(Dataset excerpts)
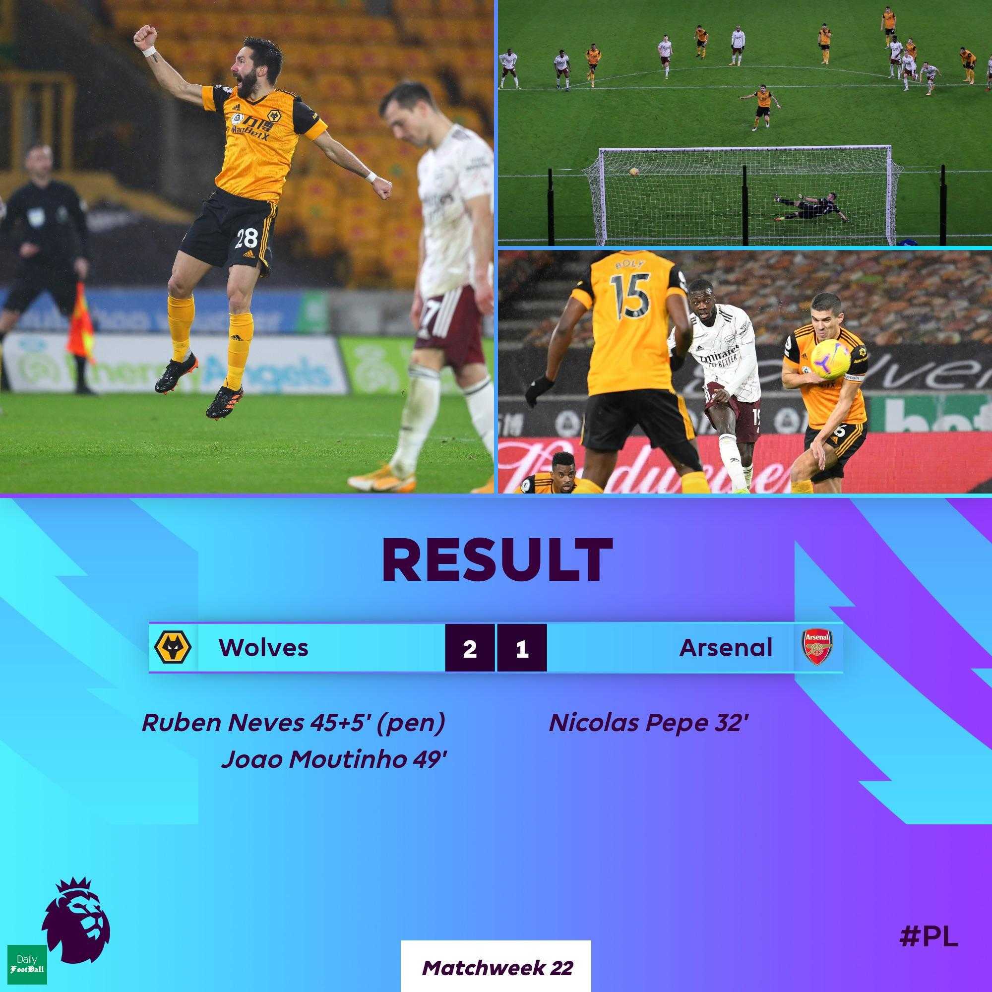 گل های این بازی را نیکلاس پپه در دقیقه 32 برای آرسنال و روبن نوس در دقیقه 5+45 از روی نقطه پنالتی و ژوائو موتینیو در دقیقه 49 برای ولورهمپتون به ثمر رساندند.
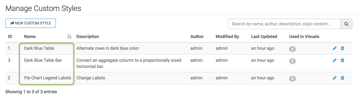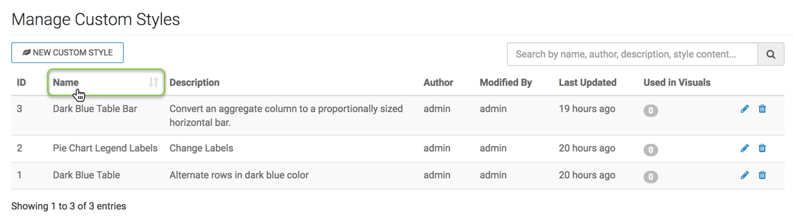 by ID, Name, Author, Modified By, Last Updated, and Used
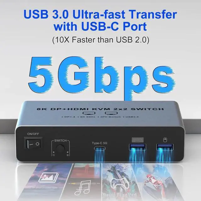 USB 3.0 KVM Switch: In addition to two HDMI ports, this KVM switch also has a type-c port + 3 USB 3.0 ports with a data transfer rate up to 5Gbp/s, which is 10 times faster than USB 2.0 ports. USB 2.0 devices are compatible. It can be used to share USB devices such as printers, scanners, webcams, wired or wireless keyboards and mice, and more. Use of high-power USB devices requires use of the supplied 12V power supply. Support Windows/Vista/XP and Mac OS, Linux and Unix and other systems.
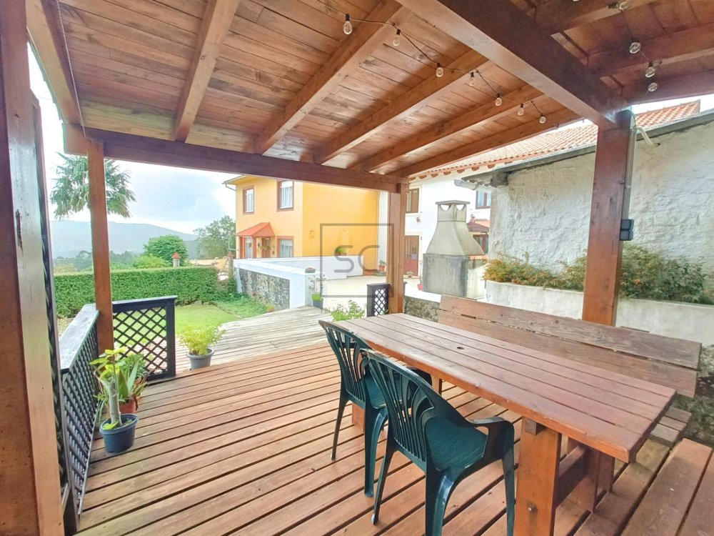 La parcela de 200 metros cuadrados, completamente cerrada, es un verdadero oasis de paz. Dispone de un patio y una pequeña zona verde. El cenador de madera, con impresionantes vistas al entorno rural, es el lugar perfecto para relajarse y disfrutar de las comidas.
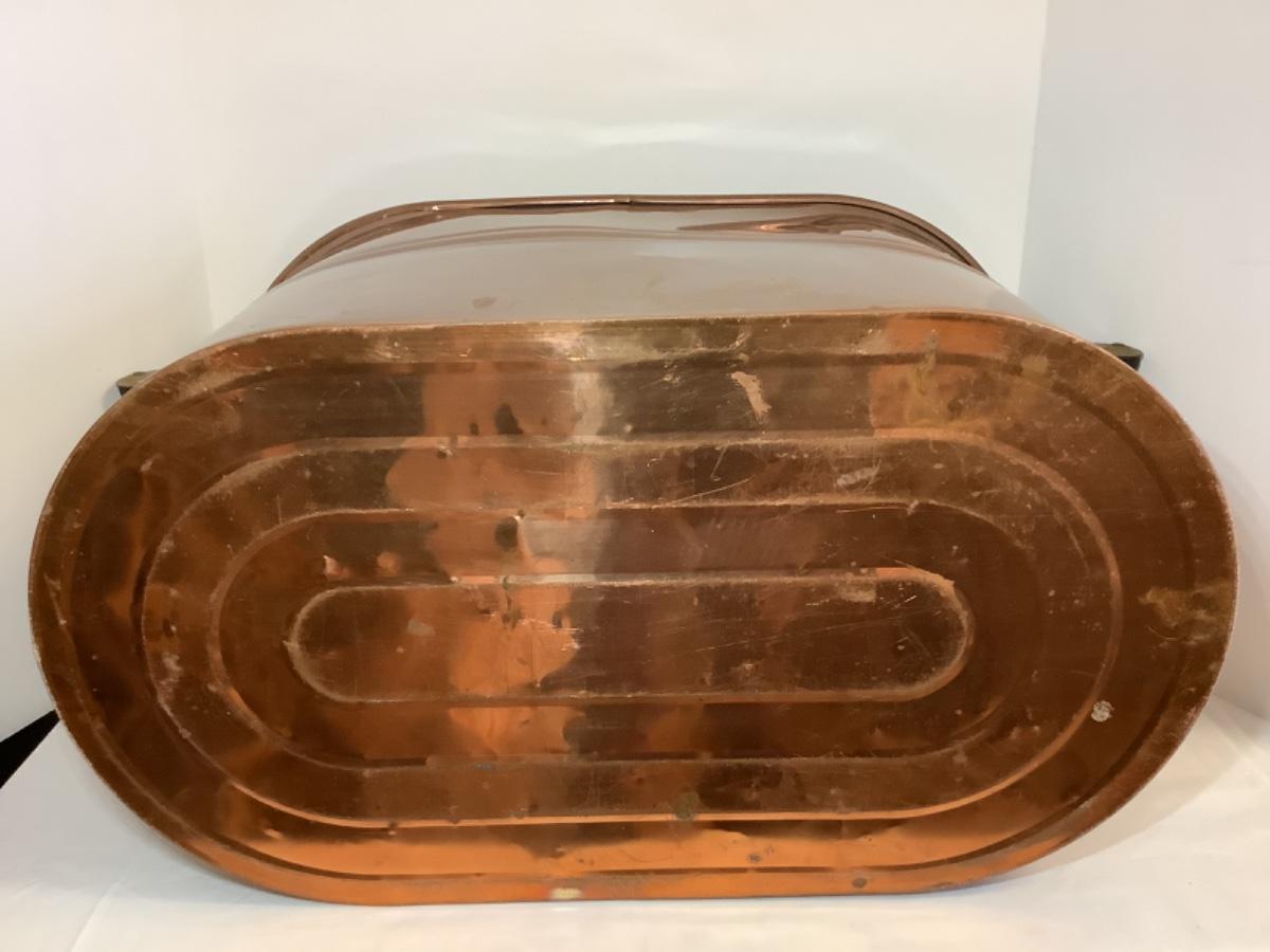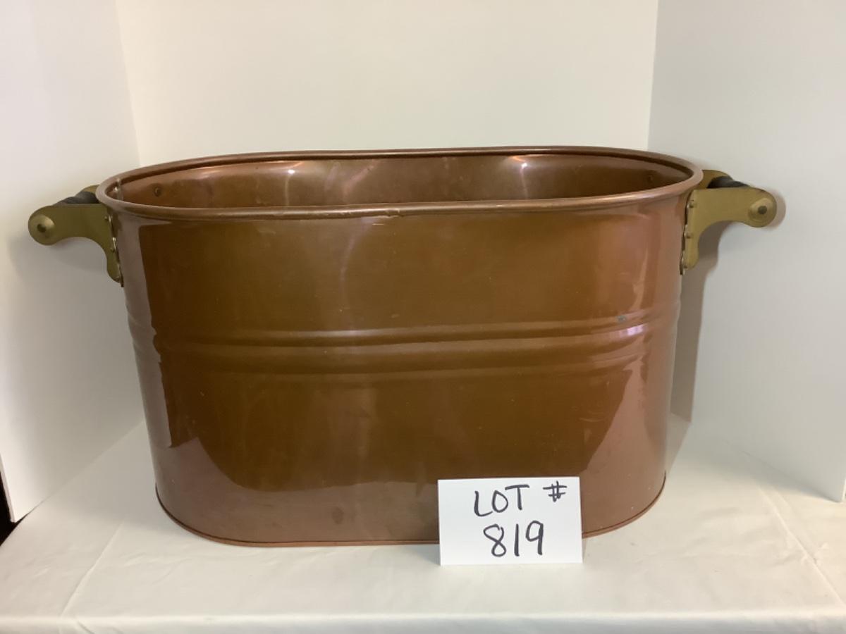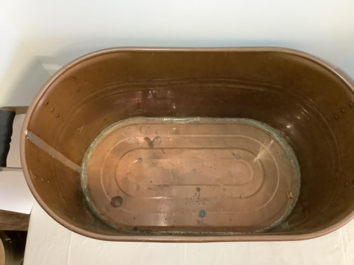 E - 819 Large Oval Copper Kettle with Brass Mounts and Wooden Handles
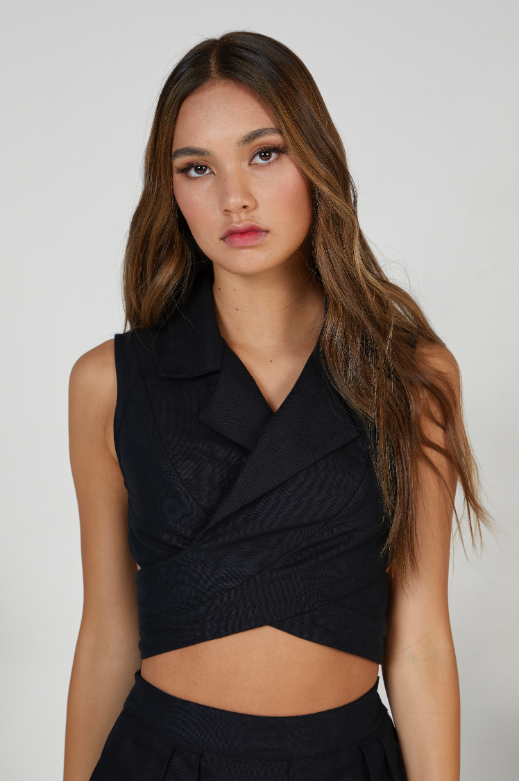 our classic akon wrap top is a wardrobe staple and is made out 100% deadstock italian linen

* **WHAT THE TASK REQUIRES**: The task calls for every record to be transcribed exactly, with no images included.

* **RESULT OF THIS EXERCISE**:
 گل های این بازی را نیکلاس پپه در دقیقه 32 برای آرسنال و روبن نوس در دقیقه 5+45 از روی نقطه پنالتی و ژوائو موتینیو در دقیقه 49 برای ولورهمپتون به ثمر رساندند.
 by ID, Name, Author, Modified By, Last Updated, and Used
 USB 3.0 KVM Switch: In addition to two HDMI ports, this KVM switch also has a type-c port + 3 USB 3.0 ports with a data transfer rate up to 5Gbp/s, which is 10 times faster than USB 2.0 ports. USB 2.0 devices are compatible. It can be used to share USB devices such as printers, scanners, webcams, wired or wireless keyboards and mice, and more. Use of high-power USB devices requires use of the supplied 12V power supply. Support Windows/Vista/XP and Mac OS, Linux and Unix and other systems.
 La parcela de 200 metros cuadrados, completamente cerrada, es un verdadero oasis de paz. Dispone de un patio y una pequeña zona verde. El cenador de madera, con impresionantes vistas al entorno rural, es el lugar perfecto para relajarse y disfrutar de las comidas.
 E - 819 Large Oval Copper Kettle with Brass Mounts and Wooden Handles
 our classic akon wrap top is a wardrobe staple and is made out 100% deadstock italian linen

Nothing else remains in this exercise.